Data & Scripts

This page collects the datasets and scripts we use throughout the course. Resources are added each week as needed — check back for updates.

Datasets are sampled subsets of larger corpora maintained in the NLP Corpora for Korean Studies repository. For full corpora and detailed documentation, see that repository.

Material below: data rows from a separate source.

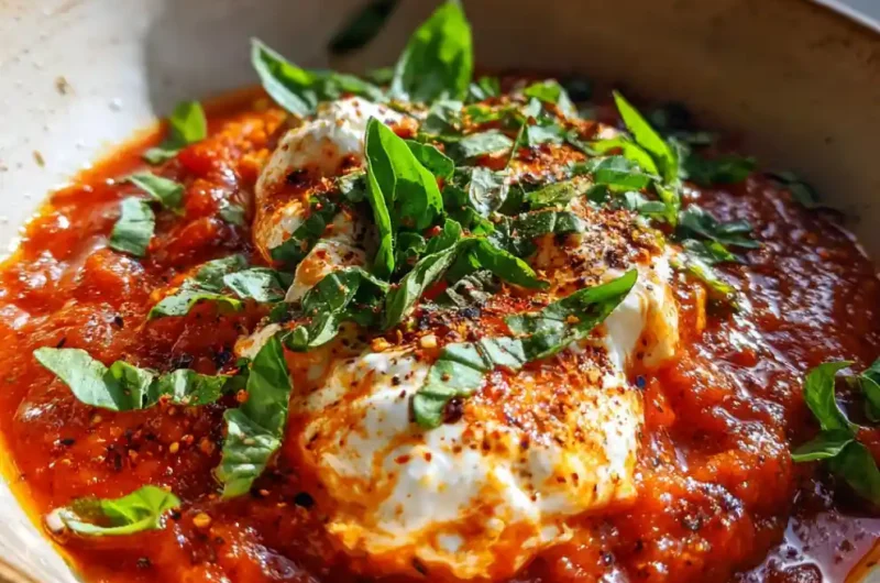 - Serve and Garnish: Taste and adjust seasonings in the sauce. Ladle the hot sauce into bowls, dollop generously with the creamy feta swirl, and garnish with fresh basil and smoked paprika before serving.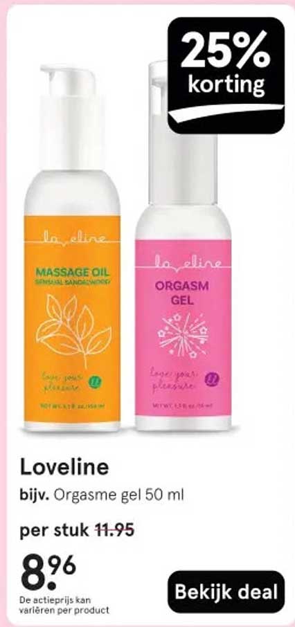 Ben je op zoek naar een spannende aanvulling op je intieme momenten? Kijk dan niet verder! Deze aanbieding biedt de Loveline Orgasm gel, een product dat speciaal is ontworpen om je ervaring te intensiveren. Met een fantastische korting van 25% is dit de perfecte kans om het uit te proberen.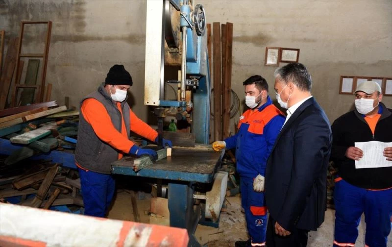 Ustalardan üretim hakkında bilgi alan Uysal, Kovid-19 nedeniyle parklarda birçok kişinin yan yana oturduğu bank ve oturma gruplarının dönüşümüyle ilgili çalışmaları yoğunlaştırdıklarını aktardı.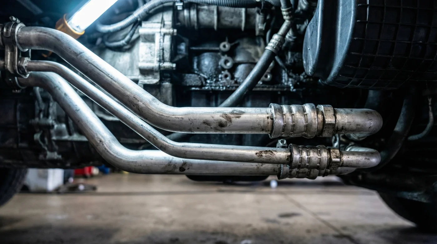 - Locate the secondary loop: Look low behind the front bumper grille; the base model will have visible, finned metal lines looping in front of the main radiator.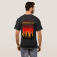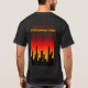 "Our God Is A Consuming Fire..." This black t-shirt bears these words and an image of a city skyline silhouetted against the glow of fire with burning embers raining down on the city.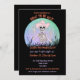 Este Bone divertido para ser selvagem sob o convite do Dia das Bruxas à Lua com um esqueleto vestindo um chapéu de vaqueiro e mostrando sinais de paz em um fundo negro é perfeito para a divertida festa do Halloween.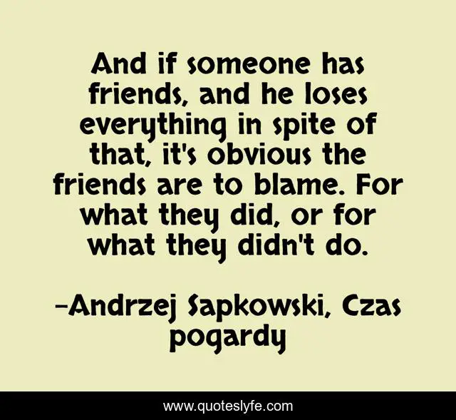 This page presents the quote "And if someone has friends, and he loses everything in spite of that, it's obvious the friends are to blame. For what they did, or for what they didn't do.". Author of this quote is Andrzej Sapkowski, Czas pogardy. .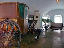 Карета XVIII в. английской работы. По преданию, была подарена императором Павлом I настоятелю Троице-Сергиевой Лавры митрополиту Платону.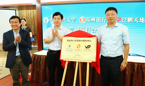 在签约仪式上,williamhill中国官方网站公司党委书记刘俊勇、郑州银行行长申学清和北京泛鹏天地科技股份有限公司董事长王犀共同签署合作协议并为“商业银行管理会计研究中心”揭牌致辞。威廉希尔中文官网副经理武羿和郑州银行总会计师毛月珍共同为“威廉希尔中文官网银学研基地”揭牌。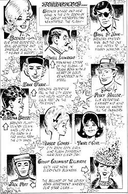 Brenda has always been a modern woman, noted for her exotic adventures and steamy romances.[10] Dale Messick and later artists concentrated on keeping Brenda contemporary in clothing and hairstyles. Comics historians Steve Duin and Mike Richardson stated that "Dale Messick kept readers enthralled for years over the romance between Brenda Starr and her Mystery Man".[11] Before Messick retired, Brenda finally married the mysterious Basil St. John, her "Mystery Man", whose eye patch and black orchid serum have been a regular plot element.[6] Shortly thereafter, Brenda had a baby girl named Starr Twinkle St. John.[12] Brenda and Basil divorced, and sparks flew when they met again. During one of Basil's reappearances, Brenda discovered Basil had a son named Sage with the talk show host Wanda Fonda. That marriage also ended in divorce. Brenda and Wanda became good friends. Eventually, Brenda was promoted from reporter to editor.[13] Brenda was the daughter of actress Beth Bennet (or Bennett[14]) and her husband Jack Starr. Her mother died under mysterious circumstances and Brenda's grief-stricken father sent her to boarding school.[15]
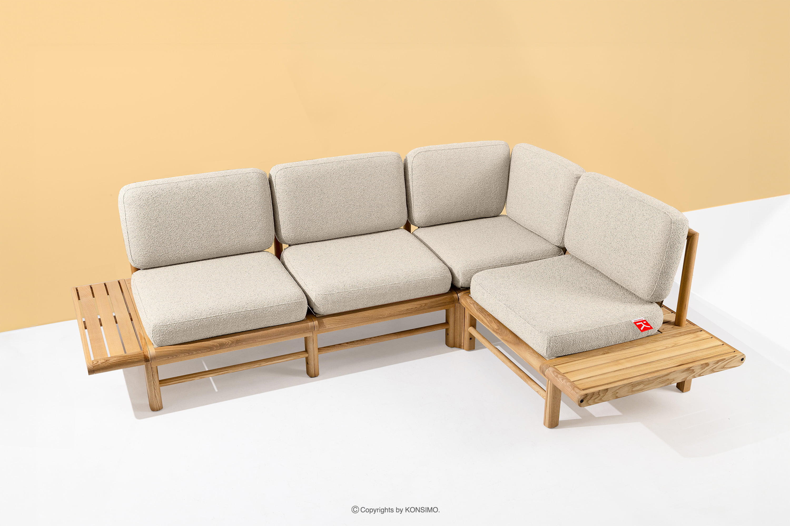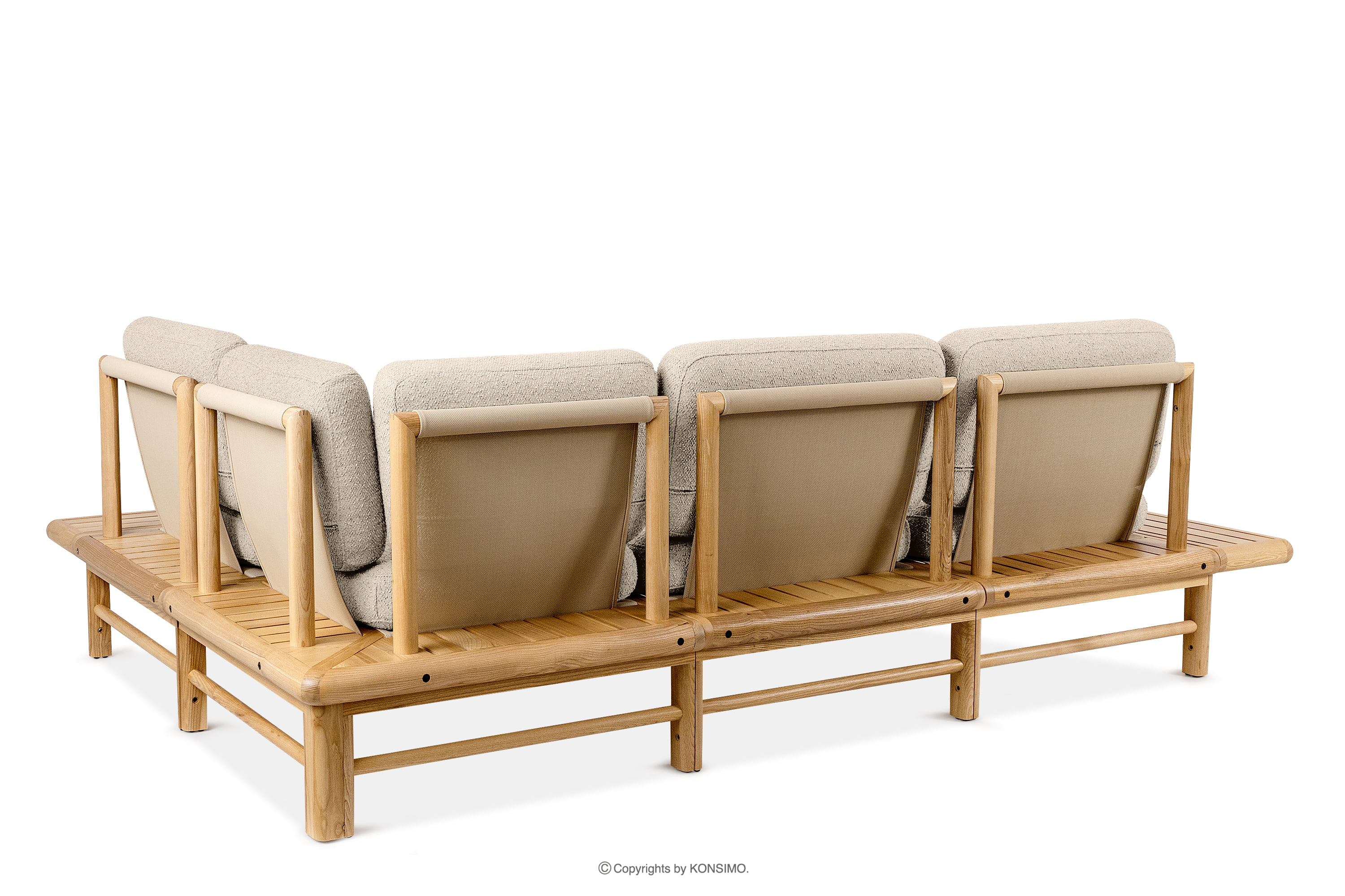 Das Boho-Ecksofa aus massivem Eschenholz creme rechts ist ein einzigartiges Produkt, das Ihren Raum verschönern wird. Die Sitz- und Rückenkissen sind mit hochwertigem PU-Schaumstoff für unvergleichlichen Komfort gefüllt. Der Stoffbezug aus 93 % recyceltem Polypropylen und 7 % Polyester ist nicht nur umweltfreundlich, sondern auch pflegeleicht - einfach mit einem feuchten Tuch abwischen.

Organizing your files: Create subfolders within your /data directory by corpus or file type — e.g., /data/president_speeches/, /data/scripts/. This keeps things tidy as we accumulate more files over the semester.


Datasets

Week(s) Dataset Description Download
2–5 Presidential Speeches 749 democratic-era presidential speeches (Roh Tae-woo–Moon Jae-in), sampled from 5,840. See documentation. CSV (~4.4 MB)
2–5 Presidential Speeches (Small) 100 randomly selected speeches from the last three presidents (Lee Myung-bak, Park Geun-hye, Moon Jae-in). Use this if Orange runs slowly or crashes with the full file. CSV (~500 KB)
5+ NIKH History Textbooks (Demo) 9 Korean history textbooks across 3 eras (Colonial, Authoritarian, Democratic), sampled from the 67-book NIKH corpus (1895–2016). Includes processed_text column (pre-tokenized nouns, ready for analysis). See full corpus documentation. CSV (~1.8 MB)
7 NIKH Clustering Demo 11 Korean history textbooks (3 Colonial, 4 Authoritarian, 4 Democratic) for the Week 7 clustering exercise. Contains full_text for preprocessing in Orange or R. CSV (~3.1 MB)
4+ Korean Stopwords 678 Korean stopwords (punctuation, numbers, and high-frequency grammatical words). Load in the Preprocess Text widget under Filtering → Stopwords → From File. TXT

Scripts

Week Script Description Download
3 Korean Preprocessing (Mac) POS-based tokenization for Orange Data Mining. Auto-installs kiwipiepy. Python
3 Korean Preprocessing (Windows) Same as above but requires kiwipiepy pre-installed. Python
4 Korean Preprocessing — Annotated (Mac) Fully annotated version of the Mac preprocessing script. Read this to understand what each step does and why. Python

How to Use

Datasets:

  1. Download the CSV file
  2. Save it to a subfolder in your GitHub repository (e.g., /data/president_speeches/)
  3. Commit and push via GitHub Desktop
  4. Load the file in Orange Data Mining using the Corpus widget

Scripts:

  1. Download the .py file for your operating system
  2. In Orange, add a Python Script widget and paste the code
  3. Change TEXT_COLUMN to match your corpus column name (see the script comments)
  4. Connect it to your data flow and run